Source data
»»
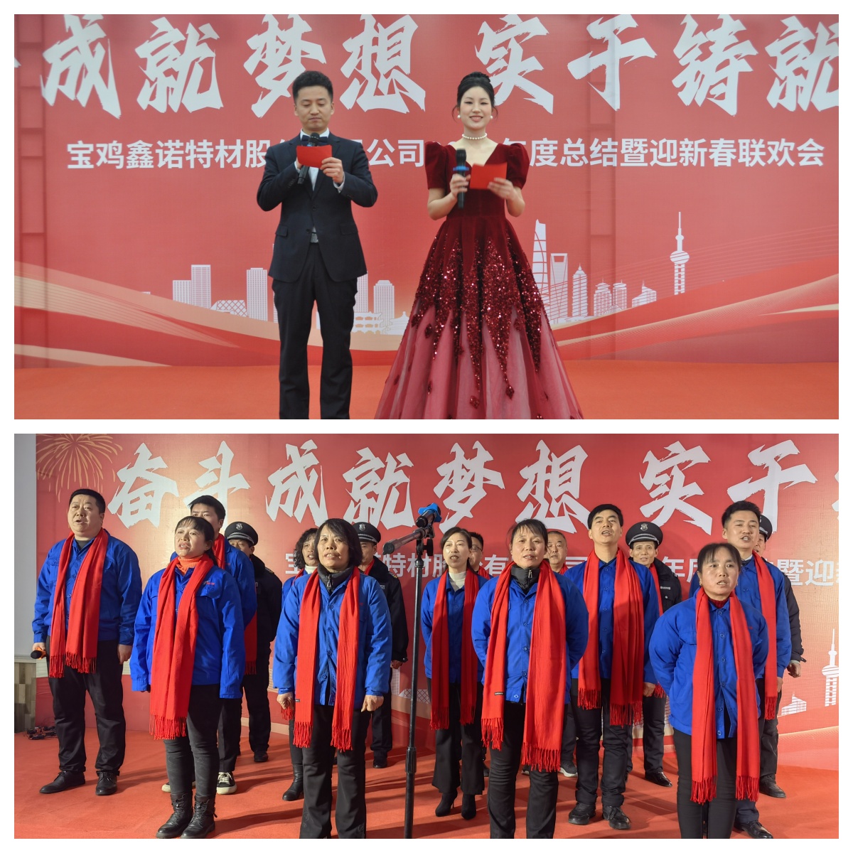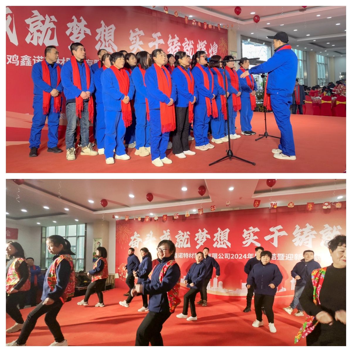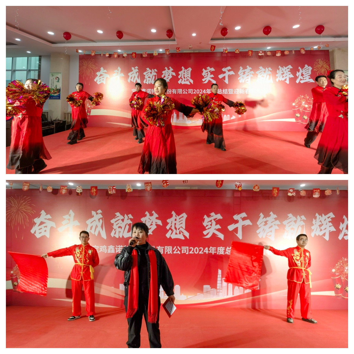 1月25日,寶雞鑫諾特材股份有限公司隆重舉行2024年度總結(jié)表彰暨迎新春聯(lián)歡會(huì)。公司黨支部書(shū)記、董事長(zhǎng)鄭永利、各中心副總及230余名員工歡聚一堂,共同慶祝新春佳節(jié)的到來(lái)。
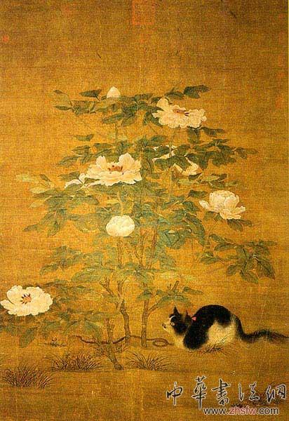 《富貴花貍》雖無年款,但畫中除主題牡丹與貍外,不多描繪周遭環(huán)境,僅以草木根部暗示地平面的存在,細部描繪工致,與徽宗〈蠟梅山禽〉諸作相似,可能也是徽宗時期的畫院作品。
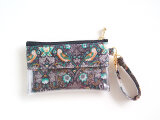 リバティの人気生地、(ビニールコーティングつや無)、 Strawbery Thief ストロベリーシーフ(ブラウン)で開けなくても中身が見える便利なポケット仕切り入り、クリアポーチ(カードサイズ)を作りました。
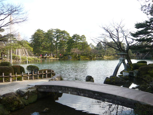 兼六園霞ヶ池は園内のほぼ中央にある大きな池です。池の真ん中に蓬莱島、兼六園で一番有名な場所ことじ灯籠があります。兼六園は何か所も入口があり、周遊バスが止まるバス停からは桂坂口から入り、人の行く流れについて行くと着きます。
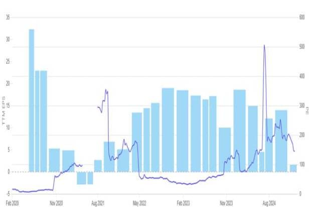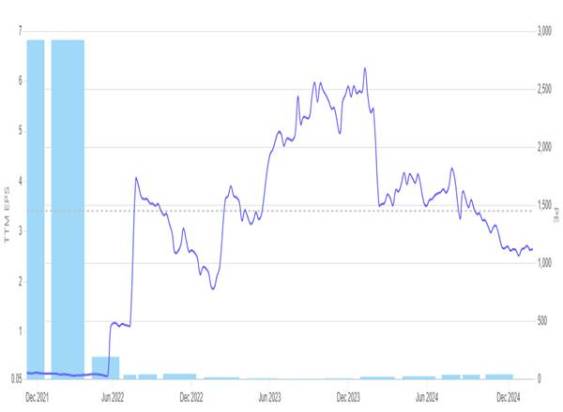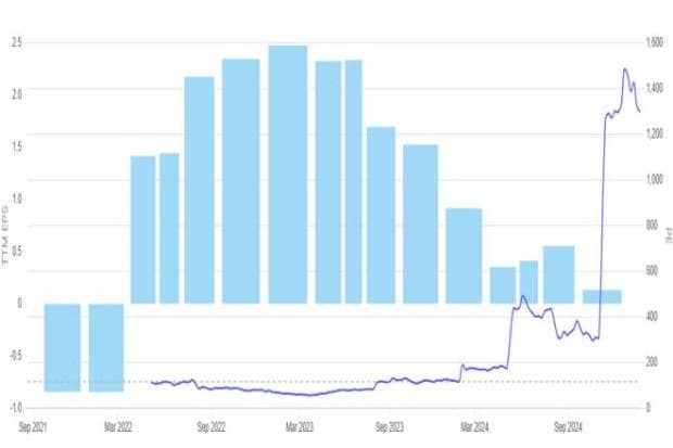 In early 2024, the P/E ratio soared above 500, indicating an overvaluation relative to earnings. This surge occurred despite only marginal improvement in EPS, possibly suggesting heightened market expectations for future growth rather than immediate performance. However, as EPS declined later, the P/E ratio began stabilising but remained elevated compared to historical levels.
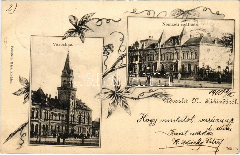 1900 Nagykikinda, Kikinda; Városház, Nemzeti szálloda. Perlstein Márk ...
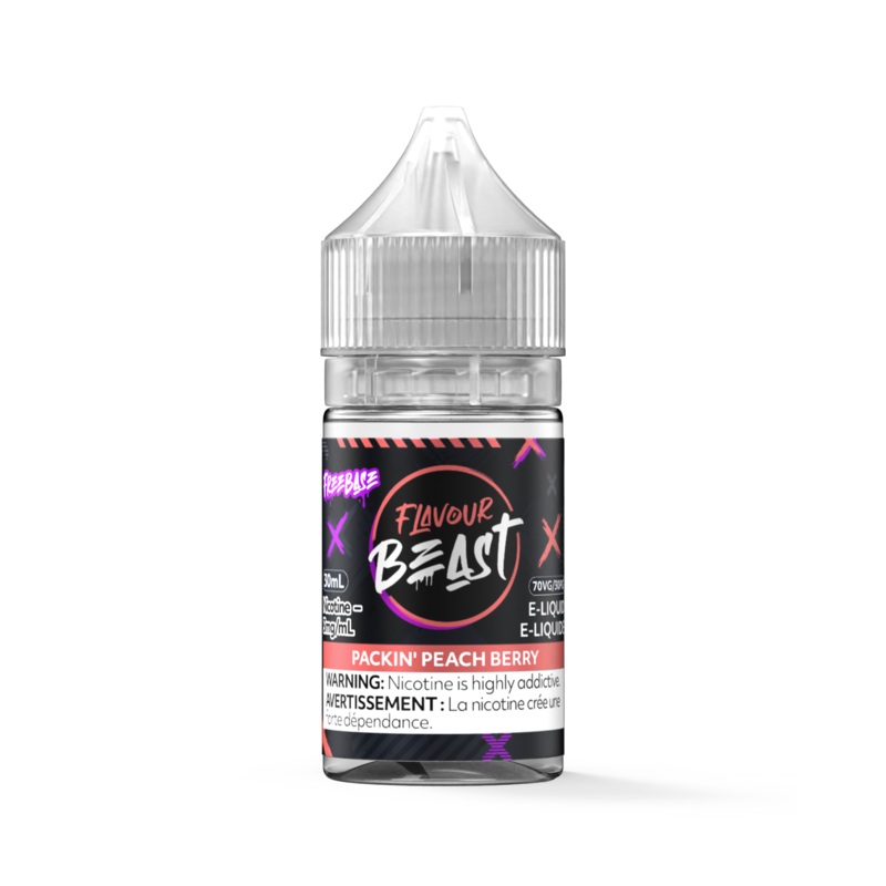 FLAVOR PROFILE Packin' Peach Berry Flavour Beast Freebase E-Liquid Collection. Size: 30ml 70VG / 30PG Nicotine Type: Freebase Nicotine: 0mg, 3mg, 6mg, 12mg
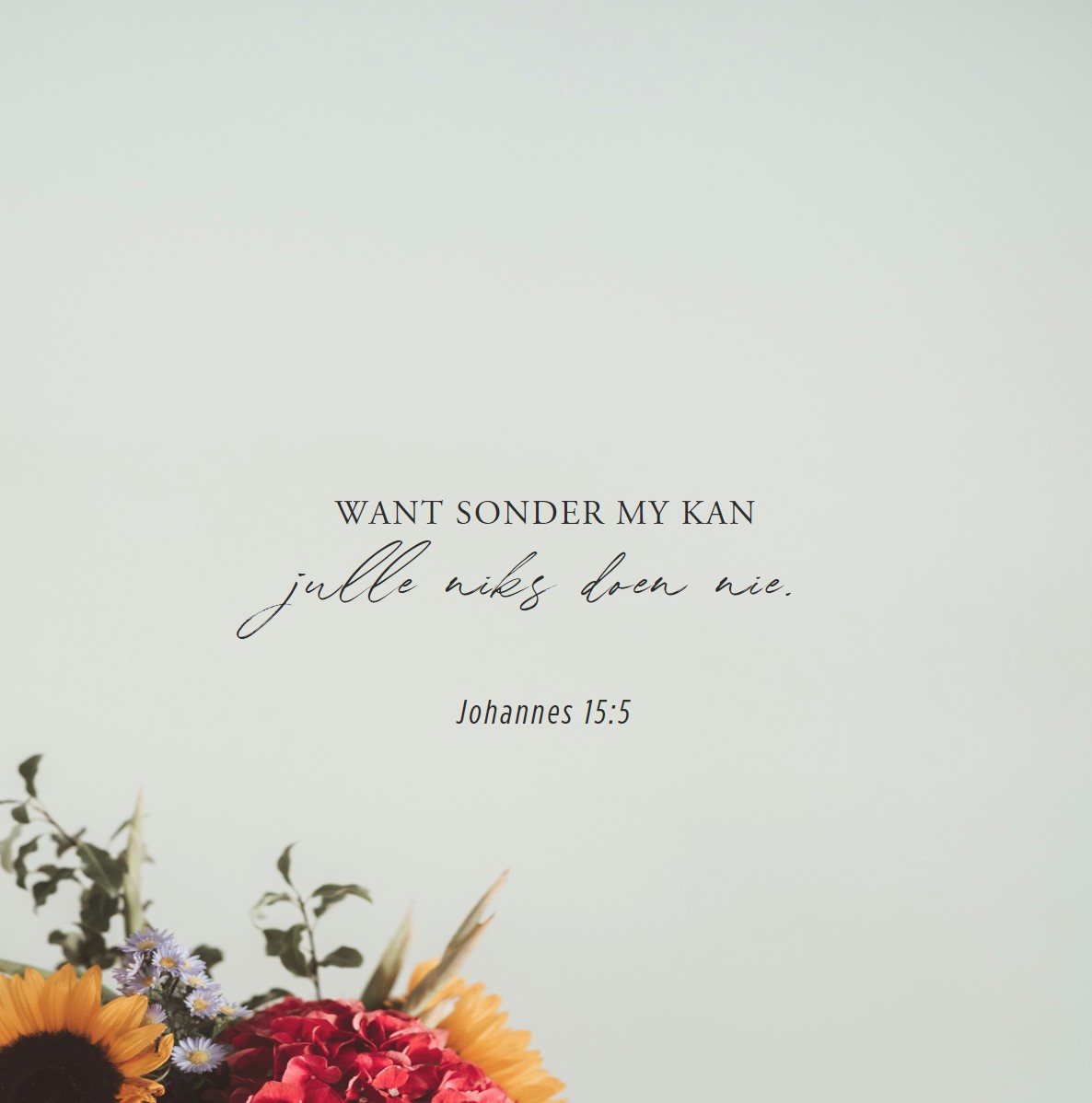 Ek hou van wat Jesus sê: "dra baie vrugte ..." Dit is asof Hy ons sagkens daaraan herinner dat ons lewens bedoel is om oor te loop met geestelike vrugte. Maar hier is die beste deel. Daar word nie van ons verwag om dit in ons eie krag te doen nie. Jy, my liewe vriendin, is heeltemal onbekwaam om hierdie vrugte te laat groei. Dit is 'n taak wat ons saam met Jesus doen.
««
ACTIVITY: Your answer must be the lines above from the one holding "リバティの人気生地、(ビニールコーティングつや無)、 Strawbery Thief" up to and including the one holding "In early 2024, the", exact and with no pictures.

EXERCISE RESPONSE:
 リバティの人気生地、(ビニールコーティングつや無)、 Strawbery Thief ストロベリーシーフ(ブラウン)で開けなくても中身が見える便利なポケット仕切り入り、クリアポーチ(カードサイズ)を作りました。
 兼六園霞ヶ池は園内のほぼ中央にある大きな池です。池の真ん中に蓬莱島、兼六園で一番有名な場所ことじ灯籠があります。兼六園は何か所も入口があり、周遊バスが止まるバス停からは桂坂口から入り、人の行く流れについて行くと着きます。
 In early 2024, the P/E ratio soared above 500, indicating an overvaluation relative to earnings. This surge occurred despite only marginal improvement in EPS, possibly suggesting heightened market expectations for future growth rather than immediate performance. However, as EPS declined later, the P/E ratio began stabilising but remained elevated compared to historical levels.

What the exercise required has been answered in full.